Pantoprazole and omeprazole in the treatment of reflux oesophagitis: a European multicentre study
Article first published online: 31 MAR 2007
Alimentary Pharmacology & Therapeutics
Volume 9, Issue 6, pages 667–671, December 1995
How to Cite
CORINALDESI, R., VALENTINI, M., BELAÏCHE, J., COLIN, R., GELDOF, H., MAIER, C. and THE EUROPEAN PANTOPRAZOLE STUDY GROUP (1995), Pantoprazole and omeprazole in the treatment of reflux oesophagitis: a European multicentre study. Alimentary Pharmacology & Therapeutics, 9: 667–671. doi: 10.1111/j.1365-2036.1995.tb00437.x
- Issue published online: 31 MAR 2007
- Article first published online: 31 MAR 2007
- Accepted for publication 2 June 1995
Background: Pantoprazole is a new substituted benzimidazole which inhibits gastric H+,K+-ATPase.

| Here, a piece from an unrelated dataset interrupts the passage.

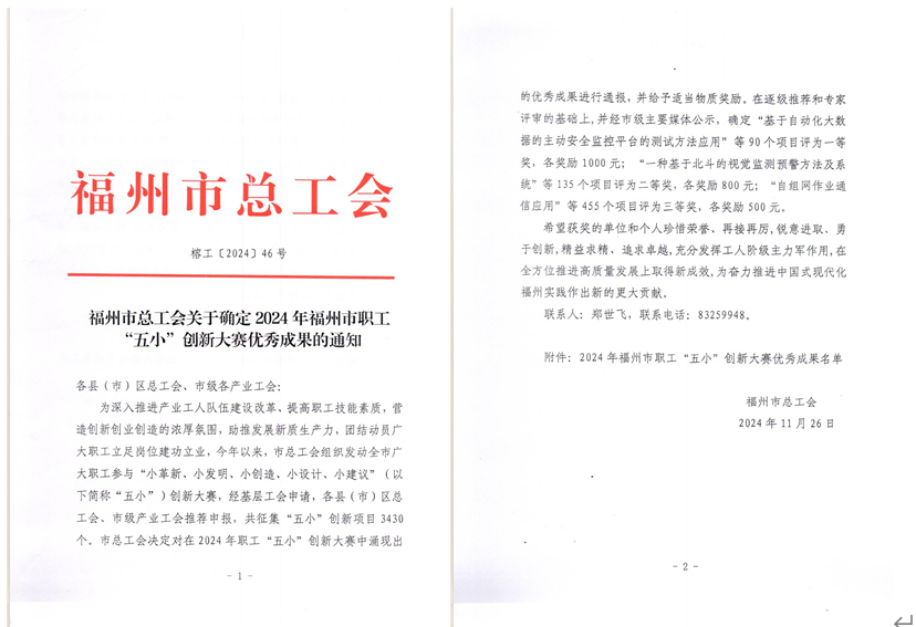 近日,福州市總工會公布《關(guān)于確定2024年福州市職工 “五小”創(chuàng)新大賽優(yōu)秀成果的通知》,我院鄒澤昌勞模和工匠人才創(chuàng)新工作室報(bào)送的創(chuàng)新成果榮獲一等獎2項(xiàng)、二等獎1項(xiàng)、三等獎2項(xiàng)。

Methods: In this double-blind, multicentre study, pantoprazole 40 mg once daily was compared with omeprazole 20 mg once daily in the treatment of grade II and III (Savary–Miller) reflux oesophagitis. Endoscopy was repeated after 4 weeks of treatment, and also after 8 weeks in patients unhealed at 4 weeks.
Results: The primary efficacy variable was ulcer healing; after 4 weeks, 81/103 (78.6%) patients in the pantoprazole group and 83/105 (79.0%) patients in the omeprazole group had healed completely. After 8 weeks, the cumulative healing rates were 94.2% and 91.4 % in the pantoprazole and omeprazole groups, respectively (P > 0.05 at 4 weeks and 8 weeks). Both groups experienced rapid relief of the key symptoms: heartburn, acid regurgitation and pain on swallowing. The time course of relief of the individual symptoms was similar in both groups after 2 and 4 weeks (P > 0.05). Both treatments were well tolerated, with only three patients withdrawing owing to adverse events.
Conclusion: Pantoprazole has been shown to be as effective as omeprazole in the treatment of reflux oesophagitis.